8 Recording medium 10 Recording device 12 Intermediate transfer member 14 Release agent coating device 14A Release layer 14B Blade 14C Application roller 14D Release agent 16 Ink receiving particle 16A Ink receiving particle layer 16B Image layer 16C Particle layer 16D Residual particle 18 Particle coating device 18A Supply roller 18B Charging blade 19 Ink receiving particle storage cartridge 19A Supply tube 20 Inkjet recording head 20A Ink droplet 22 Transfer fixing device (transfer fixing roller)

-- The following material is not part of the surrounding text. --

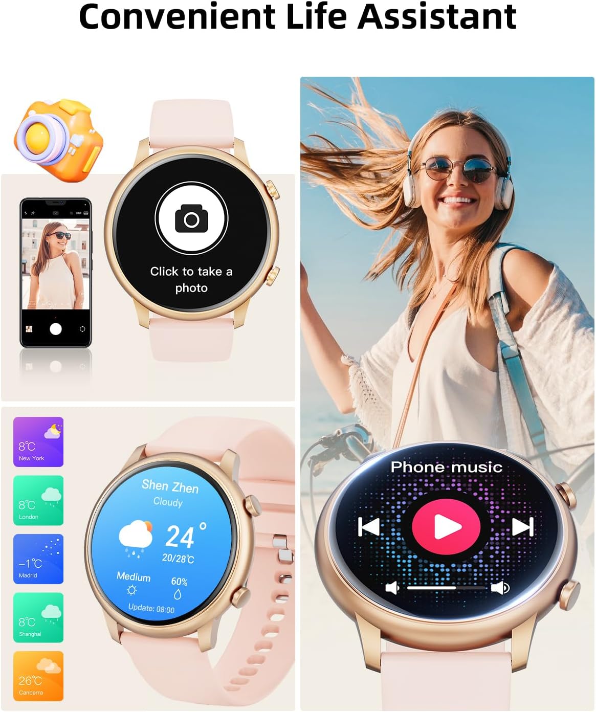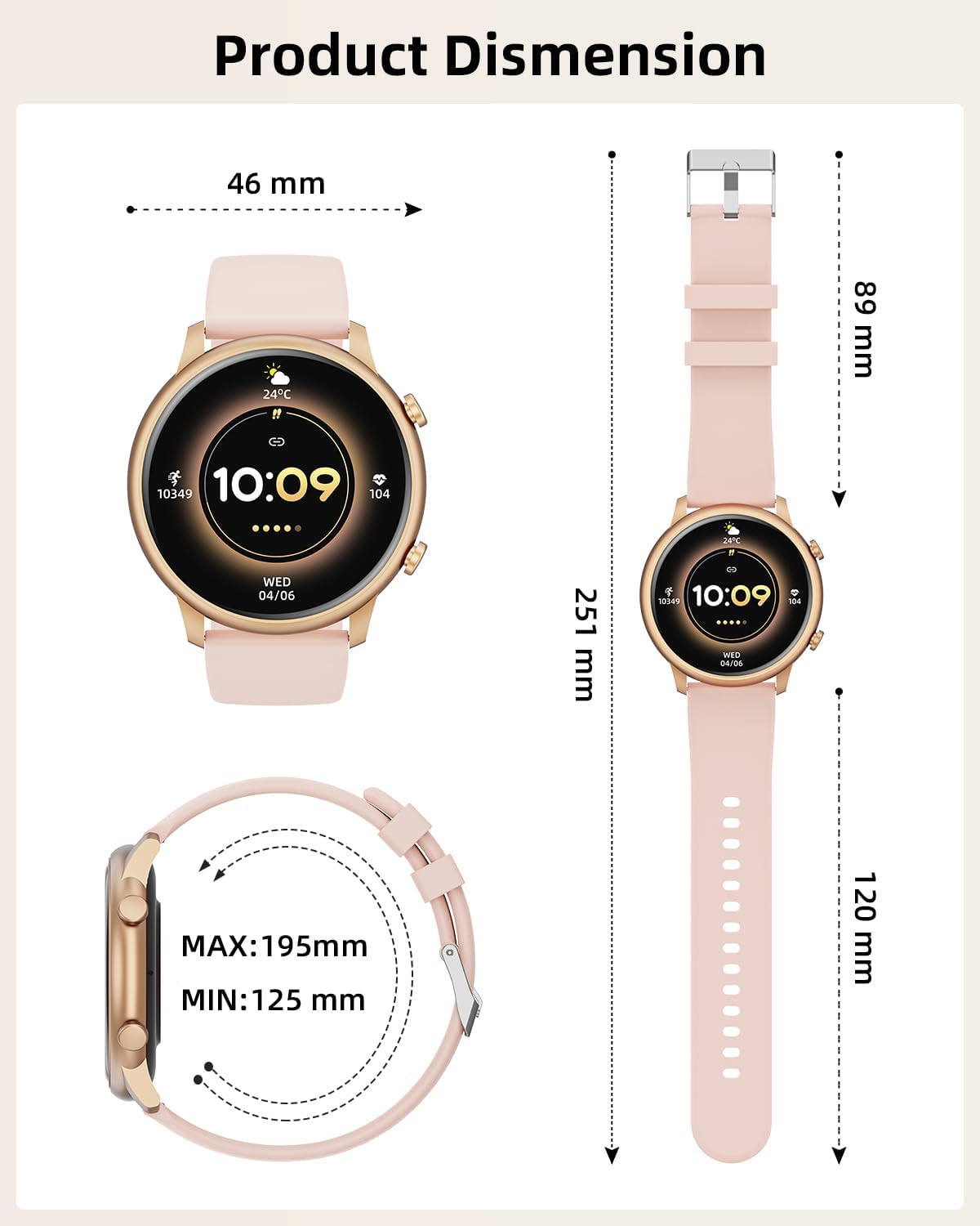 ✨【Sleek & Stylish Luxe Appeal】This smart watch combines elegance with cutting-edge tech. Featuring a 1.39-inch smart watches for women-inspired finish, it effortlessly transitions from gym sessions to outings. DIY dial by uploading your favorite photos through the customizable face, such as selfies, pets, landscape pictures, etc. to show your personality or match your daily dress up and mood! 360*360 high-resolution color screen displays captions and patterns in clear and detailed.

22A Heating roll 22B Pressure roll 24 Cleaning device 28 Charging device 29 Neutralizing device 31 Follower roll 100 Ink receiving particles 101 Mother particles 101A Hydrophilic organic particles 101B Inorganic particles constituting the mother particles 102 Inorganic particles adhered to the mother particles

Claims (4)

An intermediate transfer member;
A release agent supply means for supplying a release agent onto the intermediate transfer member;
Particle supplying means for supplying hydrophilic ink receiving particles for receiving ink onto a release agent supplied on the intermediate transfer member;
An ink discharge means for discharging ink to the ink receiving particles supplied on the intermediate transfer member;
Transfer means for transferring the ink receiving particles that have received the ink from an intermediate transfer member to a recording medium;
Have
The releasing agent is, the recording apparatus is an organic compound of soluble Kaido parameter (SP value) 8-11.   The recording apparatus according to claim 1, wherein a solubility parameter (SP value) of the organic compound is 8 to 10. Wherein the viscosity of the release agent, the recording apparatus according to claim 1 or 2 which is 5~200mPa · s. The ink receptive particles are recorded according to the polar monomer claims 1 to 3 any one ratio is contains at least constituting 10 mol% or more 90 mol% or less of the organic resin for total monomer components apparatus.